» Exercise goal:
Without including any pictures, reproduce the full listing exactly.

» Data below:

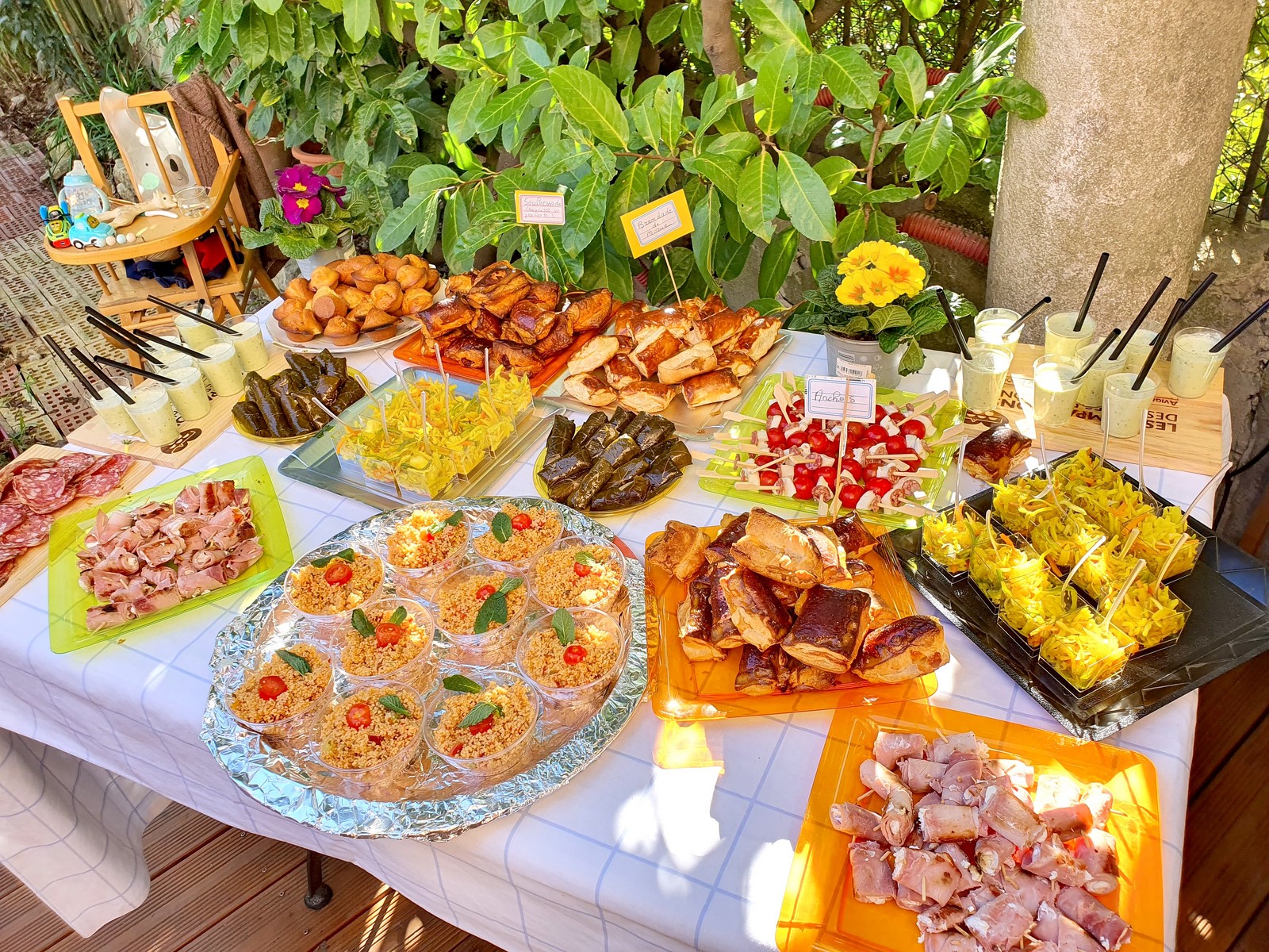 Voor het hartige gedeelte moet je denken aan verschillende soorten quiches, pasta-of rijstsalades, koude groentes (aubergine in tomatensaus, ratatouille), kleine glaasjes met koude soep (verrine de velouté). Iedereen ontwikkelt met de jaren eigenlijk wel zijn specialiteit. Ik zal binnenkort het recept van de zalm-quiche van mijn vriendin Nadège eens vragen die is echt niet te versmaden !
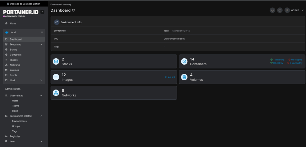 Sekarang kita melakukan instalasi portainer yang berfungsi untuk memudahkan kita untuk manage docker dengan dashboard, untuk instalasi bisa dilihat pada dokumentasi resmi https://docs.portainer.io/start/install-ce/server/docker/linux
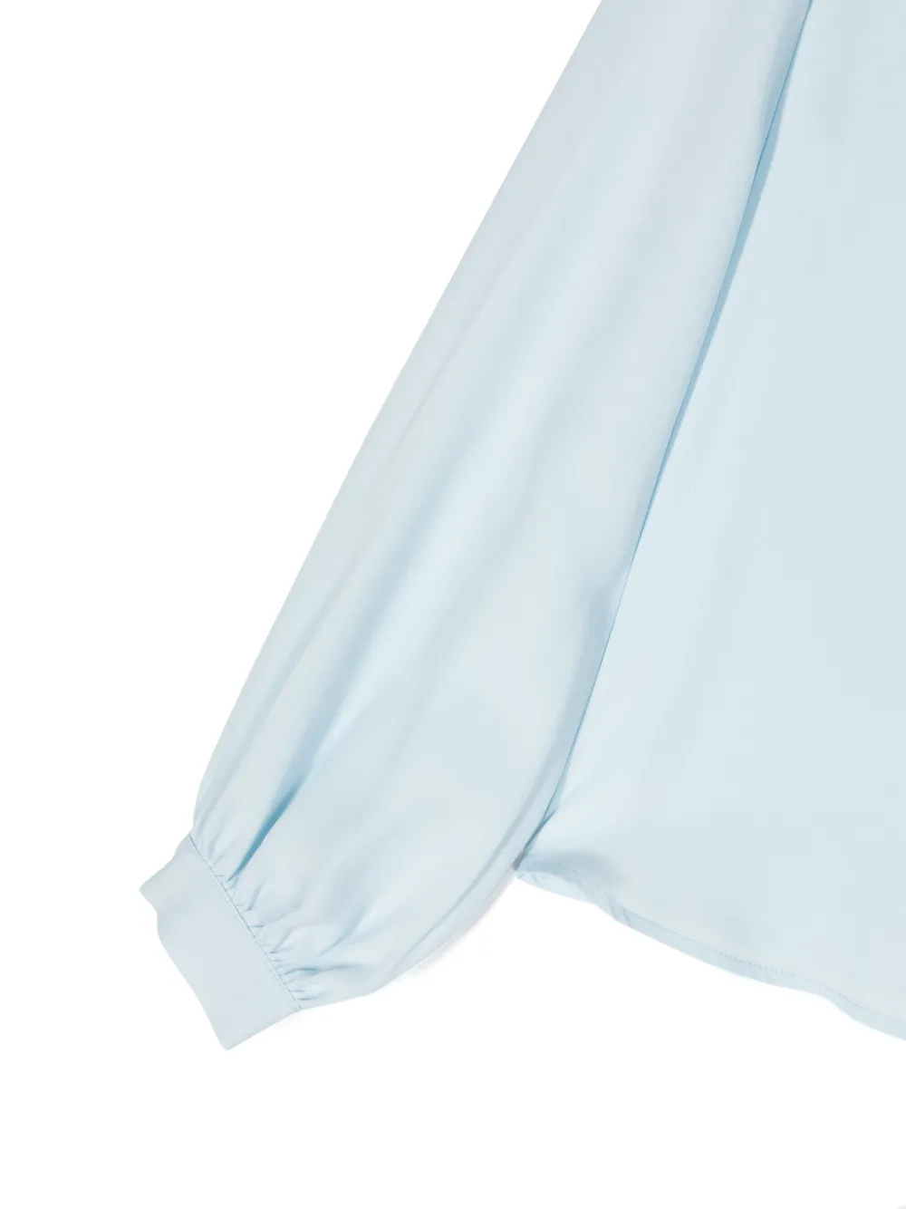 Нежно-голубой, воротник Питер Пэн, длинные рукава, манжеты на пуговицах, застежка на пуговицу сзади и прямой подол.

» Problem solution:
 Voor het hartige gedeelte moet je denken aan verschillende soorten quiches, pasta-of rijstsalades, koude groentes (aubergine in tomatensaus, ratatouille), kleine glaasjes met koude soep (verrine de velouté). Iedereen ontwikkelt met de jaren eigenlijk wel zijn specialiteit. Ik zal binnenkort het recept van de zalm-quiche van mijn vriendin Nadège eens vragen die is echt niet te versmaden !
 Sekarang kita melakukan instalasi portainer yang berfungsi untuk memudahkan kita untuk manage docker dengan dashboard, untuk instalasi bisa dilihat pada dokumentasi resmi https://docs.portainer.io/start/install-ce/server/docker/linux
 Нежно-голубой, воротник Питер Пэн, длинные рукава, манжеты на пуговицах, застежка на пуговицу сзади и прямой подол.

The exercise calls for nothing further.